• What is required
Return the stretch from the line with "Story Check (back" through the line with "Ab dem 08.01.2025" in the data below, character for character, skipping all pictures.

• Provided records

----------

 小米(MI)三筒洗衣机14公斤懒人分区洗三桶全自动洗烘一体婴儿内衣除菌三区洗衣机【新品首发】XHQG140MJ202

----------

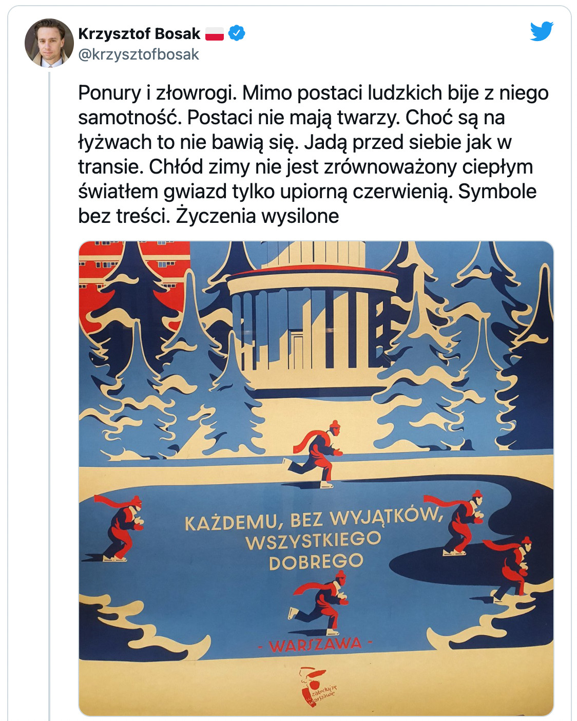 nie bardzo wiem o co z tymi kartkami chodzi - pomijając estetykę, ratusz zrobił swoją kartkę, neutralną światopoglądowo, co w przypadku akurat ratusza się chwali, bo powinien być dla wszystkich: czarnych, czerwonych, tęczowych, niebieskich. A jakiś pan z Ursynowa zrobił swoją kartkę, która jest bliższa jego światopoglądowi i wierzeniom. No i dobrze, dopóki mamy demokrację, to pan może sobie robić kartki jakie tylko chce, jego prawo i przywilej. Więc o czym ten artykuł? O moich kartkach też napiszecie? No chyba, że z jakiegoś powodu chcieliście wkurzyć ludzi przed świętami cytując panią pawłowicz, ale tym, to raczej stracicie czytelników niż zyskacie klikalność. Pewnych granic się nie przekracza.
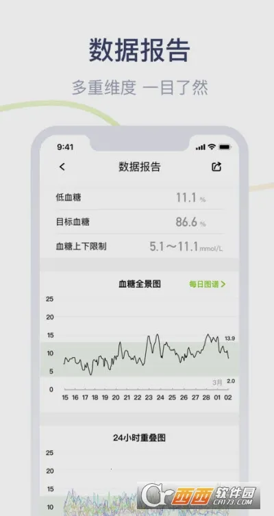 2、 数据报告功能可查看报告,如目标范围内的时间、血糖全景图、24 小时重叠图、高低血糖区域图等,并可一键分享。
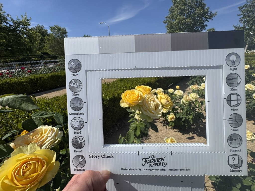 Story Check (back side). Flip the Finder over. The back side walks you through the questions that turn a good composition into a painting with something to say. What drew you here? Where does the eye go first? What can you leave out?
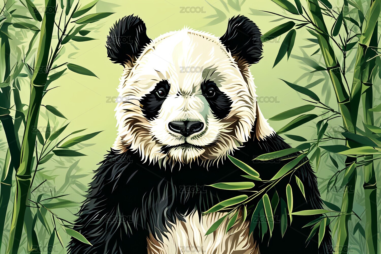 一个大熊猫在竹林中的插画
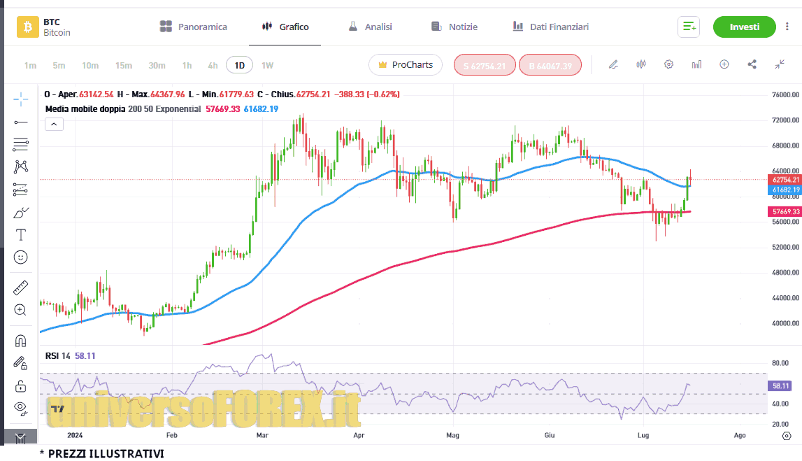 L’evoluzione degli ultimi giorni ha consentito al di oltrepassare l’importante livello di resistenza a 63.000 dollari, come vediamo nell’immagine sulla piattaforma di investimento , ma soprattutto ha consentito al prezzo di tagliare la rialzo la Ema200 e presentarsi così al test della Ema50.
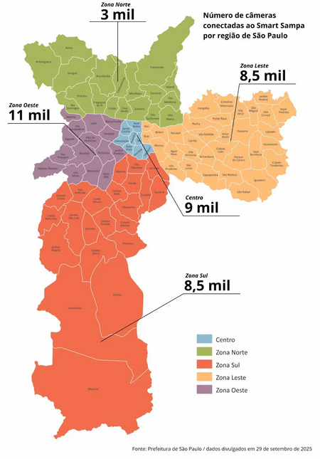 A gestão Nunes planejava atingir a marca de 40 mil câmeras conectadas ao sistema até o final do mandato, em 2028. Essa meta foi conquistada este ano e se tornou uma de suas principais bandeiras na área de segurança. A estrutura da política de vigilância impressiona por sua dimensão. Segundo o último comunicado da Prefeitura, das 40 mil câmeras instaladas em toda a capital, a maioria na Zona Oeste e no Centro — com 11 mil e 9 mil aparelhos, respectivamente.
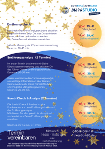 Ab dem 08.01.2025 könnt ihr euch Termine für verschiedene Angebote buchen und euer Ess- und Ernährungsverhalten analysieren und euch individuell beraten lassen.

----------

• Expected answer
 Story Check (back side). Flip the Finder over. The back side walks you through the questions that turn a good composition into a painting with something to say. What drew you here? Where does the eye go first? What can you leave out?
 一个大熊猫在竹林中的插画
 L’evoluzione degli ultimi giorni ha consentito al di oltrepassare l’importante livello di resistenza a 63.000 dollari, come vediamo nell’immagine sulla piattaforma di investimento , ma soprattutto ha consentito al prezzo di tagliare la rialzo la Ema200 e presentarsi così al test della Ema50.
 A gestão Nunes planejava atingir a marca de 40 mil câmeras conectadas ao sistema até o final do mandato, em 2028. Essa meta foi conquistada este ano e se tornou uma de suas principais bandeiras na área de segurança. A estrutura da política de vigilância impressiona por sua dimensão. Segundo o último comunicado da Prefeitura, das 40 mil câmeras instaladas em toda a capital, a maioria na Zona Oeste e no Centro — com 11 mil e 9 mil aparelhos, respectivamente.
 Ab dem 08.01.2025 könnt ihr euch Termine für verschiedene Angebote buchen und euer Ess- und Ernährungsverhalten analysieren und euch individuell beraten lassen.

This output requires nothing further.